===== Extracted material =====

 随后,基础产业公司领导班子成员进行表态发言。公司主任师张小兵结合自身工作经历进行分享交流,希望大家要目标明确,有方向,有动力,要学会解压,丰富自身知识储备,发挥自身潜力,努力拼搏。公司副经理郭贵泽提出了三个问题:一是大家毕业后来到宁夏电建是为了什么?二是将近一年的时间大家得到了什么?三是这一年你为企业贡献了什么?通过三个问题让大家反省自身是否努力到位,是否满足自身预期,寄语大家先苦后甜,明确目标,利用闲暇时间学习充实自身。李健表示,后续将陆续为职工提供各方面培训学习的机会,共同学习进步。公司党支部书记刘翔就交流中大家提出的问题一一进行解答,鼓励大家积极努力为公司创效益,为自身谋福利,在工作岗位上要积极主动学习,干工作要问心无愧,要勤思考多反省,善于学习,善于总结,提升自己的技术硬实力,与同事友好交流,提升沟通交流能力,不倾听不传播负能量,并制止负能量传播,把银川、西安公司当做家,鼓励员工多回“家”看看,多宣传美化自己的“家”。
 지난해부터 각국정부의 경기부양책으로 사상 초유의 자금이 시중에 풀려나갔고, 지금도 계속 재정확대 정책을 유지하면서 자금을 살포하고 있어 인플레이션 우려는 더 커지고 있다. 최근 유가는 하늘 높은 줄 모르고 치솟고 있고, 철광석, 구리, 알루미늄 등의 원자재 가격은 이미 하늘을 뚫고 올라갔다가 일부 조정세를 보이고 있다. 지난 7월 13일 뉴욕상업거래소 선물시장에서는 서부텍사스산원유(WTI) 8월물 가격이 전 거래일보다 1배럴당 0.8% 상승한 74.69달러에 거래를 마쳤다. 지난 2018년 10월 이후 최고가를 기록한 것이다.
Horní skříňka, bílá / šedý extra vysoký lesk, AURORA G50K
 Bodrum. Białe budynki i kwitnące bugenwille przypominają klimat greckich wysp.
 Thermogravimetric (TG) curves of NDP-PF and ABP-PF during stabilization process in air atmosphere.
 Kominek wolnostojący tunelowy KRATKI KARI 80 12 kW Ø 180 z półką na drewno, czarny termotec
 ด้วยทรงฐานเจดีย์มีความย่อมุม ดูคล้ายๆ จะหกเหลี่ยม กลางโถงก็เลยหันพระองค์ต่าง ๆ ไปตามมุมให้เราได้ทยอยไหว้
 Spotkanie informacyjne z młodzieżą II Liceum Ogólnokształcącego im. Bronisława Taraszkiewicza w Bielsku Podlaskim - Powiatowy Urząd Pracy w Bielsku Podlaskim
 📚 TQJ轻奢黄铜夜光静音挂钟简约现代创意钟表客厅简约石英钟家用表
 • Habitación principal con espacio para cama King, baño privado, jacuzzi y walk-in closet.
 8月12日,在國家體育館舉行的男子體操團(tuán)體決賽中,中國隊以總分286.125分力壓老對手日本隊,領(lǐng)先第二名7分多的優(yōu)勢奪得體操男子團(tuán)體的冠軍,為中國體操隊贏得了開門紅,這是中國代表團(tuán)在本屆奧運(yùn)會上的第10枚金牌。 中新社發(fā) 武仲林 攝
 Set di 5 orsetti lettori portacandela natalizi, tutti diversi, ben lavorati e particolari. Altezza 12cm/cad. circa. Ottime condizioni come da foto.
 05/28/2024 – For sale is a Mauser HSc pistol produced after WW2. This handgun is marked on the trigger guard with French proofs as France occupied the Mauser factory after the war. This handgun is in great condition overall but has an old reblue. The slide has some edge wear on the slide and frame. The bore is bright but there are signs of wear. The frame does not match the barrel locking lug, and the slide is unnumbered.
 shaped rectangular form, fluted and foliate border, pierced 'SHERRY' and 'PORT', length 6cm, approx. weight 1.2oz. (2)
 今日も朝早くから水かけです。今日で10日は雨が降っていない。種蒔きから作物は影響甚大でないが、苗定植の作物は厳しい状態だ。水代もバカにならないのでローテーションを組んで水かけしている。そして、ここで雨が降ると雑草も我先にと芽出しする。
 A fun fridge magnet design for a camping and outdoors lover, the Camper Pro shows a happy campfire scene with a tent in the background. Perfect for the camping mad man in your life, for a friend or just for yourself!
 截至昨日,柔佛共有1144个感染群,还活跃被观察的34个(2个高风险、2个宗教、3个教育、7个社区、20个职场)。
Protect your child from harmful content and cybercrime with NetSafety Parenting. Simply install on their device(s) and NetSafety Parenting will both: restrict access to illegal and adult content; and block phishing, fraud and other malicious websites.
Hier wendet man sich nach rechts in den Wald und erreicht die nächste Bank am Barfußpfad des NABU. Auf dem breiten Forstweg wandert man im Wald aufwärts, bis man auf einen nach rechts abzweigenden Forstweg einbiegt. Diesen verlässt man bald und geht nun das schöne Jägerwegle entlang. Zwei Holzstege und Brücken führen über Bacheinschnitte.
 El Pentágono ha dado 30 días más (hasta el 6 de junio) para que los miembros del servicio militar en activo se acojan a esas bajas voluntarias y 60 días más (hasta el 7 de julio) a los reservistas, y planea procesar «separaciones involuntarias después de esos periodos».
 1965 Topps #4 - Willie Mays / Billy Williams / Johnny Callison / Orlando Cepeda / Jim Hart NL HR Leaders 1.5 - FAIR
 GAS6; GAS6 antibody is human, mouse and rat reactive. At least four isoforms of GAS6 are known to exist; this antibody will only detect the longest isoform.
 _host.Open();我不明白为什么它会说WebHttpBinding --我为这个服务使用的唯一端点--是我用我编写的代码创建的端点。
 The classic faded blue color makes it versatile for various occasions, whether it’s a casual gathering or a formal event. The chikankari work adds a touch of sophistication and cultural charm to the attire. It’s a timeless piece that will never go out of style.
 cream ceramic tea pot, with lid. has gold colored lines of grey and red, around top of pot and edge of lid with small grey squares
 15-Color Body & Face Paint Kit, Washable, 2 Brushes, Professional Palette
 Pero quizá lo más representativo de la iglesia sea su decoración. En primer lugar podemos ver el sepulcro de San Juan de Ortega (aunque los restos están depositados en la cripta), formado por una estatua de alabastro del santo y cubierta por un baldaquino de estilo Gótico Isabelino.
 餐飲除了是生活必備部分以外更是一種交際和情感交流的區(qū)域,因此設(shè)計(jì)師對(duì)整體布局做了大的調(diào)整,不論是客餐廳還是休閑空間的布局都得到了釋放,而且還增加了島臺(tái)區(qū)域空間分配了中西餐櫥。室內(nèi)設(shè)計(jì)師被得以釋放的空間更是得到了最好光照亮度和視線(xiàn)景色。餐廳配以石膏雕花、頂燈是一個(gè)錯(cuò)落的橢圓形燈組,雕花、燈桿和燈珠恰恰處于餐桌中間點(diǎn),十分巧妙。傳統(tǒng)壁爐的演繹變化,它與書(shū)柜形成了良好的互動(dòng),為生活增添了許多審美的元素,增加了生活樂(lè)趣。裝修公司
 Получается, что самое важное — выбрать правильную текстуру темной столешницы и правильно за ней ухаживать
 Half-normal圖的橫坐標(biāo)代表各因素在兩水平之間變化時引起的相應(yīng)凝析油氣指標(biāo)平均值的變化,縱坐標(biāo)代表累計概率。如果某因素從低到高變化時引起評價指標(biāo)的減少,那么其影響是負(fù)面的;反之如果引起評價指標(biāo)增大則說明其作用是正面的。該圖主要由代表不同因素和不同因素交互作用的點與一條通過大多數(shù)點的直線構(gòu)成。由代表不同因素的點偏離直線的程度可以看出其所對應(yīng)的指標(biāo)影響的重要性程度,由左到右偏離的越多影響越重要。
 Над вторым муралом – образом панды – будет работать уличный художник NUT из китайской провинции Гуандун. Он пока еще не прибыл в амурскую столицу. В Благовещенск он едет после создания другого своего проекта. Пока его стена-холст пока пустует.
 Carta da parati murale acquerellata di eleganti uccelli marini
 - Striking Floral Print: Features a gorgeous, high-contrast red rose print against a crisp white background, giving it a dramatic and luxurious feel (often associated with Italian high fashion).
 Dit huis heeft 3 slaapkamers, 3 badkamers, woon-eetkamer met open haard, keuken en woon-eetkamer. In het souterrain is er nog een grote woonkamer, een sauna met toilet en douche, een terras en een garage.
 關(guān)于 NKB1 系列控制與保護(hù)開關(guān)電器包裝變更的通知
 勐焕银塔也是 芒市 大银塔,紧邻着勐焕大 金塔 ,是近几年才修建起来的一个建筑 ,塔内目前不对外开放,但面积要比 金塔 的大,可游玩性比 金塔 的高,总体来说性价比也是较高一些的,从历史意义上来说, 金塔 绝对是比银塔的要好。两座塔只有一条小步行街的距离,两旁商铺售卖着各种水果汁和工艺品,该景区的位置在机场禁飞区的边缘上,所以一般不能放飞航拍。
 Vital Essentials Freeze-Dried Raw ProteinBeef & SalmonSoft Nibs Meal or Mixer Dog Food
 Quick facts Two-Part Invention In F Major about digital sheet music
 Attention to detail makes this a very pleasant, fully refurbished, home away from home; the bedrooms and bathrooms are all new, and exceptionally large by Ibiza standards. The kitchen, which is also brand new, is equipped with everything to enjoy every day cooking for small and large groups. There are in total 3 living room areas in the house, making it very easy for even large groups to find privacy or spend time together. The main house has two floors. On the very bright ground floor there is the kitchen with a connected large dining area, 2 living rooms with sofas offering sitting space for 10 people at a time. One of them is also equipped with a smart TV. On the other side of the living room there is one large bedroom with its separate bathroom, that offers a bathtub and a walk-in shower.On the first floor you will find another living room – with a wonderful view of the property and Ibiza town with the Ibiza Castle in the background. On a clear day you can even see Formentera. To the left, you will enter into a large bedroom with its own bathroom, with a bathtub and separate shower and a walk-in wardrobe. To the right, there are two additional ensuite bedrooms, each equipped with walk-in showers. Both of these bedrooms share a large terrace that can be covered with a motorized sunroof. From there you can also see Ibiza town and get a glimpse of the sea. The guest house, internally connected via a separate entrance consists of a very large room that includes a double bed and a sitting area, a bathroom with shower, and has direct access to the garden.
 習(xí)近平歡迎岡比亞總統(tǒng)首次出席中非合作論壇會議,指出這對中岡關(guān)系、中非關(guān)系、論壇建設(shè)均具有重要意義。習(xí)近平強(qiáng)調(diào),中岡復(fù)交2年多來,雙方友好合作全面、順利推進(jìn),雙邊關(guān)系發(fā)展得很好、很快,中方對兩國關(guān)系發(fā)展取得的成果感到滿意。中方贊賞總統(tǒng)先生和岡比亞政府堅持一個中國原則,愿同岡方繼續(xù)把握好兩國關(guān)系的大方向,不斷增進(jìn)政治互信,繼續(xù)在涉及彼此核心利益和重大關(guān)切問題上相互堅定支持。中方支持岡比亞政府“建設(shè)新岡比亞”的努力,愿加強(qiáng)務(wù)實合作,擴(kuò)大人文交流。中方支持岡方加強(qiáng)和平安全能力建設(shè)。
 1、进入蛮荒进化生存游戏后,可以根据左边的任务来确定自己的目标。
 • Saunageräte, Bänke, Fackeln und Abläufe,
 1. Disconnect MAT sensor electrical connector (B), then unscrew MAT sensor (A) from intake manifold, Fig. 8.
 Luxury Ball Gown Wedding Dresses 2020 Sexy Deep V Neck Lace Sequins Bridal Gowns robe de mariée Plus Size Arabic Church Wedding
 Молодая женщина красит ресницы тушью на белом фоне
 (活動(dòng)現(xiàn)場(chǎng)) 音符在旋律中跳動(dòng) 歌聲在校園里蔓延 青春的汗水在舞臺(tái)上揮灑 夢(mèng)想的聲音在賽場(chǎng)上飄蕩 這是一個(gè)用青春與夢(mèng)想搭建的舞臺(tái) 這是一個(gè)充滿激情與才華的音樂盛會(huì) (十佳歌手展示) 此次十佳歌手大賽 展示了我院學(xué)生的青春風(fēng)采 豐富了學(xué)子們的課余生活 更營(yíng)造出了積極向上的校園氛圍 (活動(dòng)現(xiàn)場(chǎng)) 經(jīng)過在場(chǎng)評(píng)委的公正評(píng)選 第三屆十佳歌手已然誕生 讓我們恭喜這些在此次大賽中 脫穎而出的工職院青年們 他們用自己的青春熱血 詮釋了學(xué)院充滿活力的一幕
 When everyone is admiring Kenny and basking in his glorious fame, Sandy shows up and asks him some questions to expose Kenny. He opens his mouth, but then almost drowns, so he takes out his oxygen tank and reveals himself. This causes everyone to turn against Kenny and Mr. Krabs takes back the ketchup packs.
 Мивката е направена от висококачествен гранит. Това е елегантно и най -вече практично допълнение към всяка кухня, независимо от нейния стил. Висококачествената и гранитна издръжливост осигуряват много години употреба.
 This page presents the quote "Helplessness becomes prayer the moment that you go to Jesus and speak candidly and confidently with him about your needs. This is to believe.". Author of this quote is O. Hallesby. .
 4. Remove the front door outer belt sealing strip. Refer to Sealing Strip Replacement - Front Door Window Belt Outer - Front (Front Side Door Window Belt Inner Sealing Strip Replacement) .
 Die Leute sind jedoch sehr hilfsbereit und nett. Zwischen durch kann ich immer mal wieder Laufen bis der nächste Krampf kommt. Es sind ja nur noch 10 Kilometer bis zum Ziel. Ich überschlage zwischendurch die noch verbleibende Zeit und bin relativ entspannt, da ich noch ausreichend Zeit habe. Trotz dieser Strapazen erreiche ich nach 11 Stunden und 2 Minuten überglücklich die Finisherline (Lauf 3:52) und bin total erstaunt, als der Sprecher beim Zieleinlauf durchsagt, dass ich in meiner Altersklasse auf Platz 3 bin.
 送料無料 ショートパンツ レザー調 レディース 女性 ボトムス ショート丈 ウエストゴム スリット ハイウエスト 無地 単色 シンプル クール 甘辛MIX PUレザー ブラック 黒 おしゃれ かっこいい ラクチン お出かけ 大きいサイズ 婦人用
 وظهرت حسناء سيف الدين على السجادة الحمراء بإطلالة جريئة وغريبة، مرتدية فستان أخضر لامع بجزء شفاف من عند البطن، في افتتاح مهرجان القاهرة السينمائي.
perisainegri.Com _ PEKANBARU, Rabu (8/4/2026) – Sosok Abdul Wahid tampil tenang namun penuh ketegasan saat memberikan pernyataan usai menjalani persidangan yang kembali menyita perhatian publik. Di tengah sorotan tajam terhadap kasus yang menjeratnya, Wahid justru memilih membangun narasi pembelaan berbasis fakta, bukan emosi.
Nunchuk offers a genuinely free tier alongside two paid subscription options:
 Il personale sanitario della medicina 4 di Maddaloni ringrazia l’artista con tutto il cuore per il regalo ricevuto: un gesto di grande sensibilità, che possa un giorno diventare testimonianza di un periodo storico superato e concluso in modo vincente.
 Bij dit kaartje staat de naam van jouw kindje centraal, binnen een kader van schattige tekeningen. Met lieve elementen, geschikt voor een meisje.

=====

● Action item:
From the first line of the data through the line with "ด้วยทรงฐานเจดีย์มีความย่อมุม ดูคล้ายๆ จะหกเหลี่ยม", quote each line exactly and add nothing else.

● Result of the task:
 随后,基础产业公司领导班子成员进行表态发言。公司主任师张小兵结合自身工作经历进行分享交流,希望大家要目标明确,有方向,有动力,要学会解压,丰富自身知识储备,发挥自身潜力,努力拼搏。公司副经理郭贵泽提出了三个问题:一是大家毕业后来到宁夏电建是为了什么?二是将近一年的时间大家得到了什么?三是这一年你为企业贡献了什么?通过三个问题让大家反省自身是否努力到位,是否满足自身预期,寄语大家先苦后甜,明确目标,利用闲暇时间学习充实自身。李健表示,后续将陆续为职工提供各方面培训学习的机会,共同学习进步。公司党支部书记刘翔就交流中大家提出的问题一一进行解答,鼓励大家积极努力为公司创效益,为自身谋福利,在工作岗位上要积极主动学习,干工作要问心无愧,要勤思考多反省,善于学习,善于总结,提升自己的技术硬实力,与同事友好交流,提升沟通交流能力,不倾听不传播负能量,并制止负能量传播,把银川、西安公司当做家,鼓励员工多回“家”看看,多宣传美化自己的“家”。
 지난해부터 각국정부의 경기부양책으로 사상 초유의 자금이 시중에 풀려나갔고, 지금도 계속 재정확대 정책을 유지하면서 자금을 살포하고 있어 인플레이션 우려는 더 커지고 있다. 최근 유가는 하늘 높은 줄 모르고 치솟고 있고, 철광석, 구리, 알루미늄 등의 원자재 가격은 이미 하늘을 뚫고 올라갔다가 일부 조정세를 보이고 있다. 지난 7월 13일 뉴욕상업거래소 선물시장에서는 서부텍사스산원유(WTI) 8월물 가격이 전 거래일보다 1배럴당 0.8% 상승한 74.69달러에 거래를 마쳤다. 지난 2018년 10월 이후 최고가를 기록한 것이다.
Horní skříňka, bílá / šedý extra vysoký lesk, AURORA G50K
 Bodrum. Białe budynki i kwitnące bugenwille przypominają klimat greckich wysp.
 Thermogravimetric (TG) curves of NDP-PF and ABP-PF during stabilization process in air atmosphere.
 Kominek wolnostojący tunelowy KRATKI KARI 80 12 kW Ø 180 z półką na drewno, czarny termotec
 ด้วยทรงฐานเจดีย์มีความย่อมุม ดูคล้ายๆ จะหกเหลี่ยม กลางโถงก็เลยหันพระองค์ต่าง ๆ ไปตามมุมให้เราได้ทยอยไหว้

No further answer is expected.